21. The method for cell culturing according to claim 20 wherein the medium comprised in the culturing tank (110) comprises at least one growing agent and the fresh medium comprises at least one growing agent.

22. The method for cell culturing according to claim 20 wherein the medium filling the lower compartment (110b) comprises at least one growing agent and the fresh medium comprises at least one transfection agent.
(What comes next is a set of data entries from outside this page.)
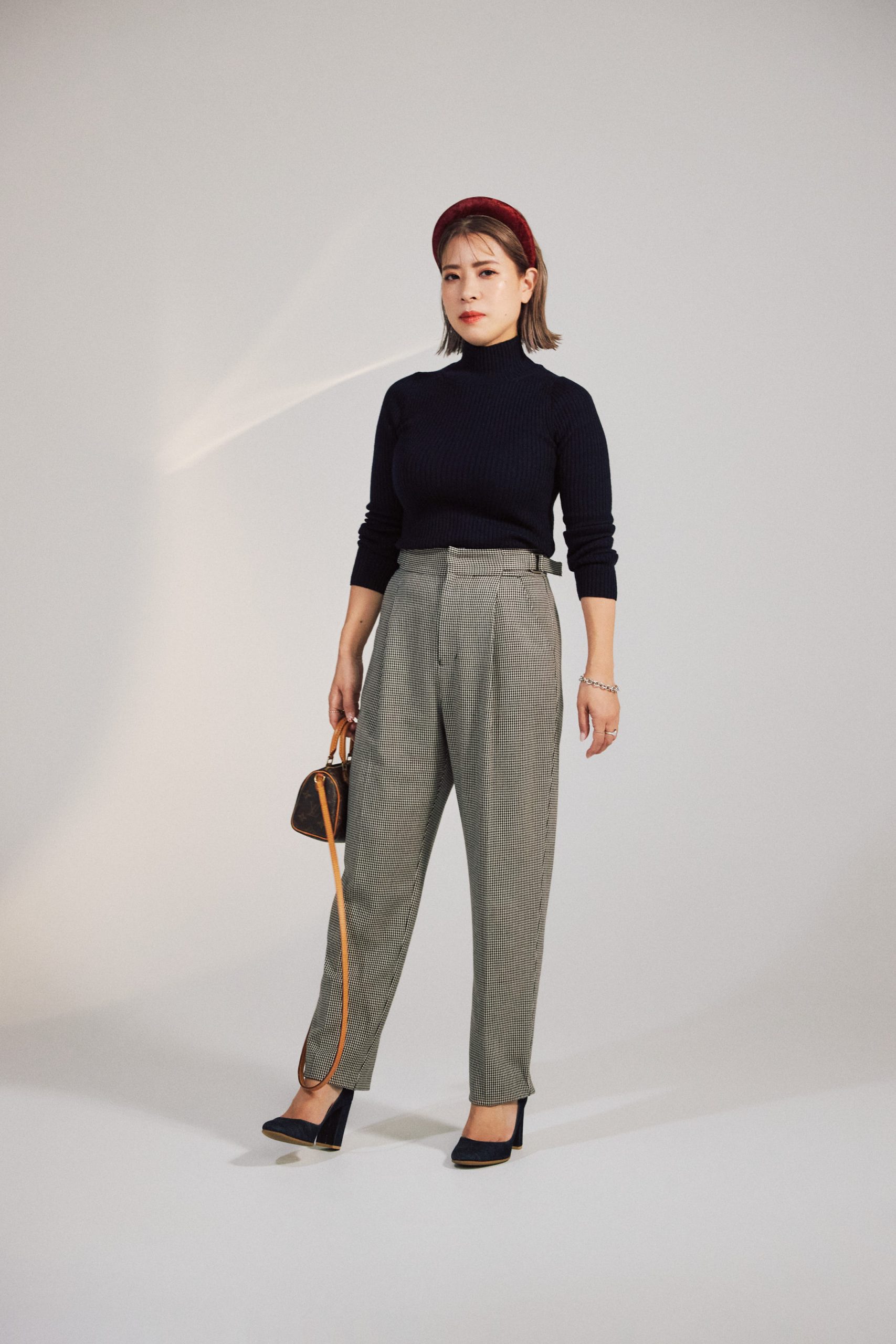 「ハイウエストでサイドにベルトがあるチェックパンツは、腰位置が高く見えて優秀。シンプルなタートルネックニットをインするだけで、スタイルアップが叶います」(児嶋さん)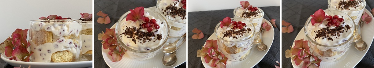 - Bræk 4 Ladyfingers i grove stykker, læg disse i bunden af de fire glas og dryp 2 spsk dessertvin ned i bunden af hver glas (Ladyfingers suger dessertvinen)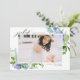 Anuncie sua formatura com este anúncio de graduação de foto floral, apresentando hidrângeas azuis em aquarela, rosas brancas e azuis-escuros, e folhagens exuberantes. Projetado para destacar sua foto de graduação favorita, este modelo é a mistura perfeita de clássico e moderno. Personalize com seu nome, escola, ano de formatura e uma mensagem personalizada para compartilhar sua conquista com familiares e amigos. Seja você enviando por correio ou compartilhando digitalmente, este design floral torna cada detalhe ainda mais especial.
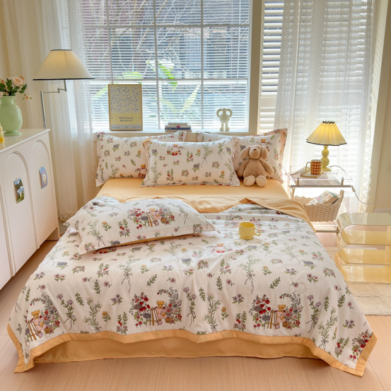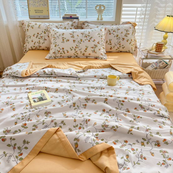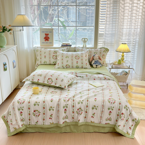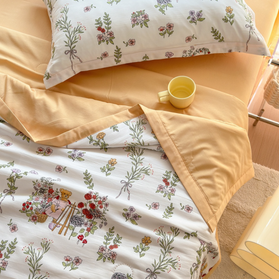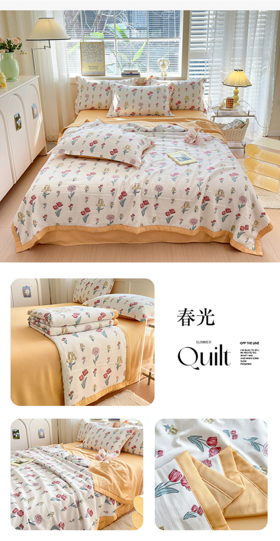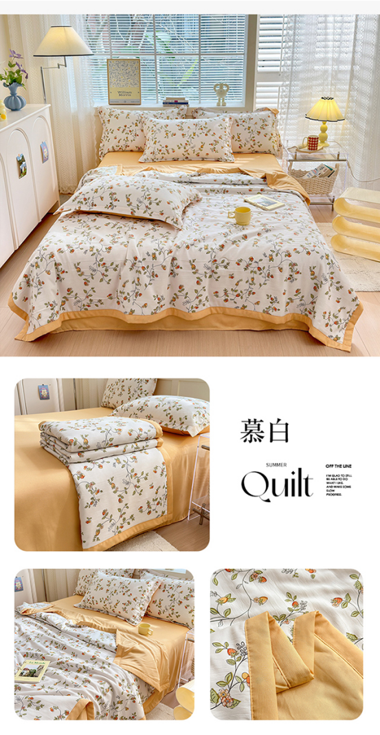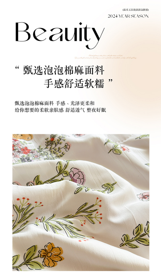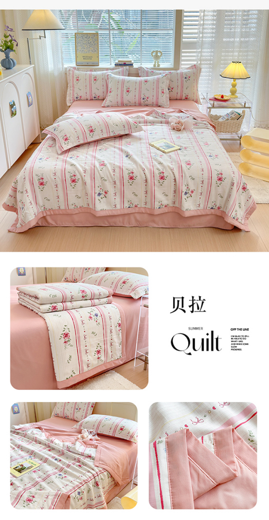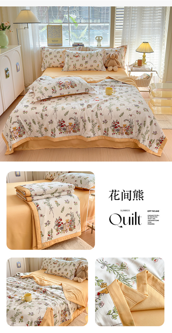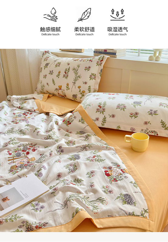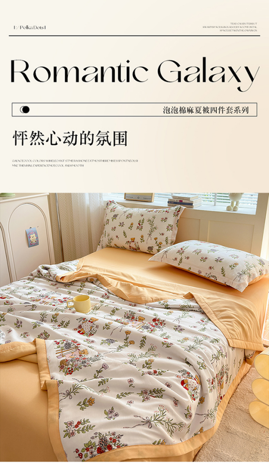 📣【泡泡棉麻夏凉被四件套单夏被多款可选】✅1、环保喷气印花,颜色鲜亮,手感舒适,❣️色牢度高,久洗如新✅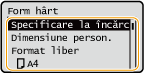 Prin înregistrarea formatelor de hârtie utilizate frecvent în butoanele de la <S1> până la <S5>, acestea pot fi preluate prin selectarea opţiunii <Dimens. înregistrate>.Înregistrarea unui format liber de hârtie (format personalizat)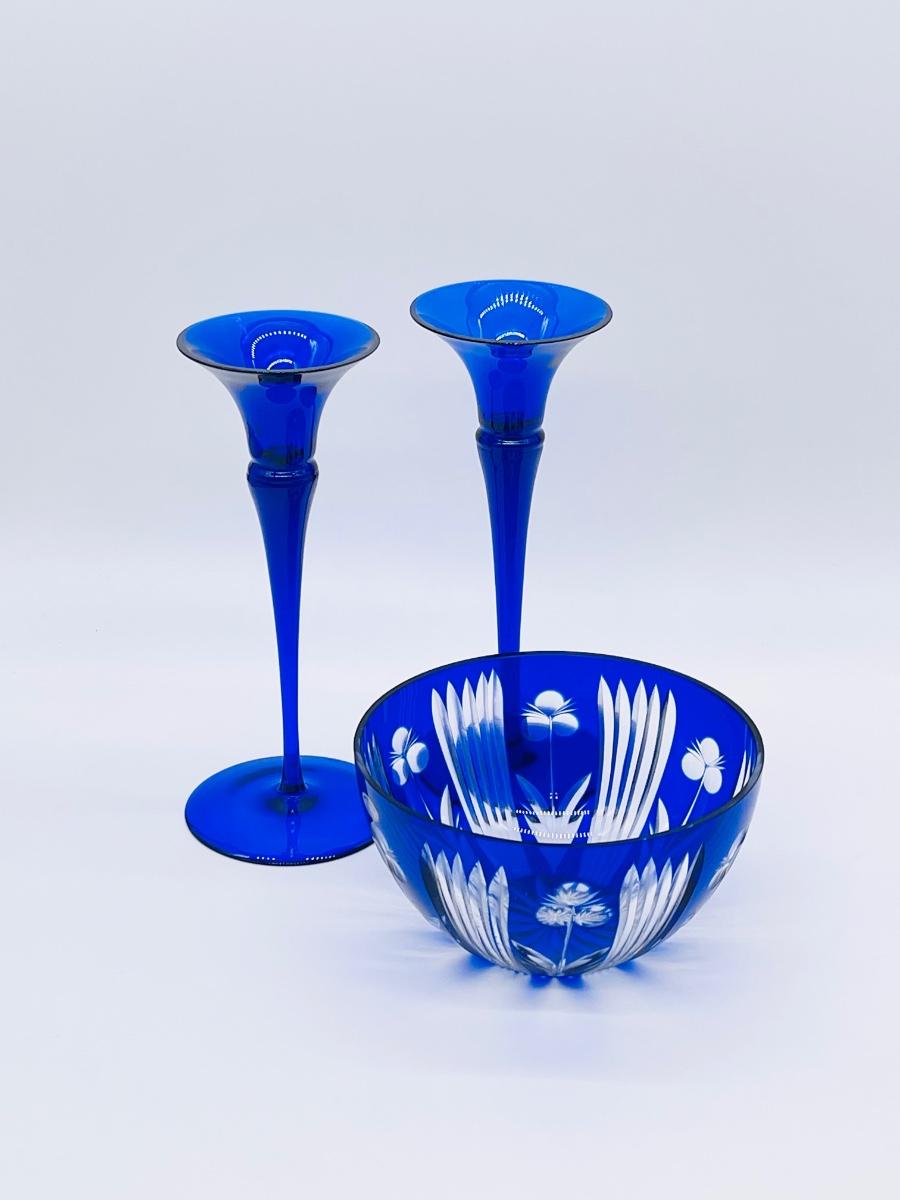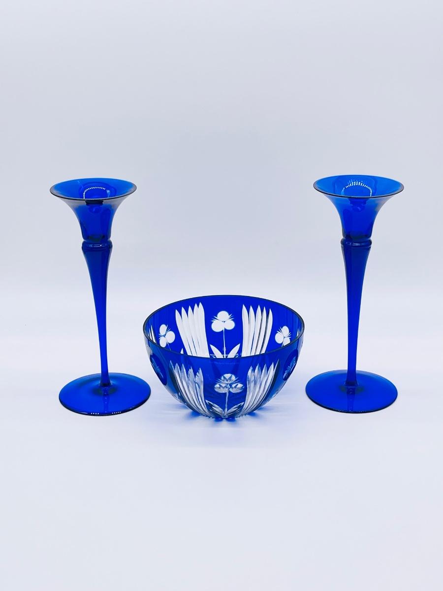 Cut Bowl = 3.5” H x 6.75” Round ~ Pair of Candle Sticks = 9” H x 3.75” Round

23. The method for cell culturing according to any one of claims 20 to 22 further comprising using the controller for: transfecting at least part of the cultured cells immersed in a medium comprising at least one transfection agent, transfecting comprising: o sliding the filter (120) to decrease the volume of the lower compartment (110b) until the volume of the lower compartment (110b) is lower than one fourth of the volume of the upper compartment (110a), o extracting, with the extraction device, the medium out of the upper compartment (110a), o injecting, with the filling device, a conditioning buffer in the upper compartment (110a), o sliding the filter (120) to decrease the volume of the upper compartment (110a), o sliding the filter (120) to decrease the volume of the lower compartment (110b) until the volume of the lower compartment (110b) is lower than one fourth of the volume of the upper compartment (110a), o extracting, with the extraction device, the medium out of the upper compartment (110a), and o performing an electroporation by generating at least one electrical pulse on the at least part of the cultured cells.

24. The method for cell culturing according to any one of claims 20 to 23 further comprising, after disposing at least one cell (200) and before refreshing the medium, using the controller for sliding the filter (120) to decrease the volume of the upper compartment (110a) so that a density of the cultured cells in the lower compartment (120b) is lower than a predetermined target expansion density while maintaining the lower compartment (120b) filled.